Euro slides as euro zone risks escalate
NEW YORK |
NEW YORK (Reuters) - The euro fell against the U.S. dollar on Friday after a downgrade to Spain's credit rating and signs of economic weakness in Italy and Germany, leaving the single currency vulnerable as euro zone risks increased.
Despite Friday's losses, the euro posted its best weekly performance since April, notching gains after five straight weeks of declines. Analysts, however, were convinced gains would be short-lived as investors sought to square up ahead of the weekend.
European Union and German sources told Reuters Spain was expected to ask for an aid package over the weekend to prop up its troubled banks.
Rating agency Fitch slashed Spain's credit rating on Thursday, leaving it just two notches above junk status. It signalled further downgrades could come as the country tries to restructure its troubled banking system.
"We have come to the edge of the cliff. There are so many issues in Europe now," said Simon Smollett, senior currency options strategist at Credit Agricole in London. "We're all waiting for the Greek elections and when that's over, we have Spain."

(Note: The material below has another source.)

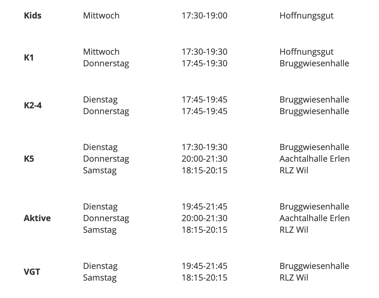 Die Trainings finden wöchentlich zu den oben genannten Zeiten statt. In den Schulferien sowie an Feiertagen findet das Geräteturnen nicht statt. Trainingsausfälle werden via Infomail oder in den Gruppenchats kommuniziert. Wir erwarten, dass die Kinder die Trainings regelmässig besuchen. Falls dies einmal nicht möglich ist, bitten wir die Eltern oder die Turnerinnen selbst, sich frühzeitig bei den Leiter:innen abzumelden (WhatsApp, SMS).

Last month's Greek election resulted in no party achieving the 50 percent threshold needed to achieve a majority. Greece was unable to form a coalition government, setting up the next round of elections on June 17.
A victory for anti-bailout parties would raise the possibility of Greece leaving the currency union.
The euro was last down 0.4 percent at $1.2508 (0.808 pence), retreating from a two-week high of $1.2625 hit on Thursday after a surprise interest rate cut by the Chinese central bank.
More losses would leave the euro vulnerable to a test of the 23-month low of $1.2286 hit on June 1, based on Reuters data, after failing to break above chart resistance at $1.2623, the January low.
The euro also took a hit after Italian industrial production fell far more than expected in April and German imports tumbled at their fastest rate in two years, adding to euro zone recession concerns.
But the common currency came off its lows after China said it would cut fuel prices by nearly 6 percent from Saturday, which some traders saw as another positive step that may help stimulate China's economy.
Net short positioning on the euro hit another record high, according to data from the U.S. Commodity Futures Trading Commission, as risk aversion drove the currency market. Exposure to commodity currencies was reduced across the board, with the Australian dollar taking a big hit.
"We are now less confident that the euro zone will continue to muddle through," said global macro hedge fund GLC Ltd in London. "The countries that need to make the biggest adjustment have the weakest economies. In addition, austerity fatigue is spreading."
GLC, which manages assets of about $1 billion, has taken risky trades off the table and even if news out of Europe improves and the euro spikes as a result, it would look to short the currency.
The euro fell 0.7 percent against the yen to 99.36 yen. The safe-haven Japanese currency gained broadly as market sentiment declined, with the dollar losing 0.3 percent to 79.45 yen.
But the euro still posted its best week versus the yen since late February, with a gain of 2.3 percent.
Currencies with more perceived risk initially came under pressure after U.S. Federal Reserve Chairman Ben Bernanke offered no hints of imminent monetary stimulus on Thursday, upsetting some market players who had positioned for a dovish statement.
But by late afternoon, the higher-yielding Australian dollar rose 0.4 percent on the day against the U.S. currency to US$0.9922 as U.S. stocks ended higher, while the New Zealand dollar gained 0.6 percent to US$0.7710.
Thomson Reuters on Friday released its monthly foreign exchange trading volumes for May 2012. May average daily volume was $154 billion, up from $130 billion in April but down from the $161 billion in May, 2011.
ICAP said on Friday that average daily spot FX volumes on the EBS platform, which competes with Thomson Reuters, were $130.8 billion for May.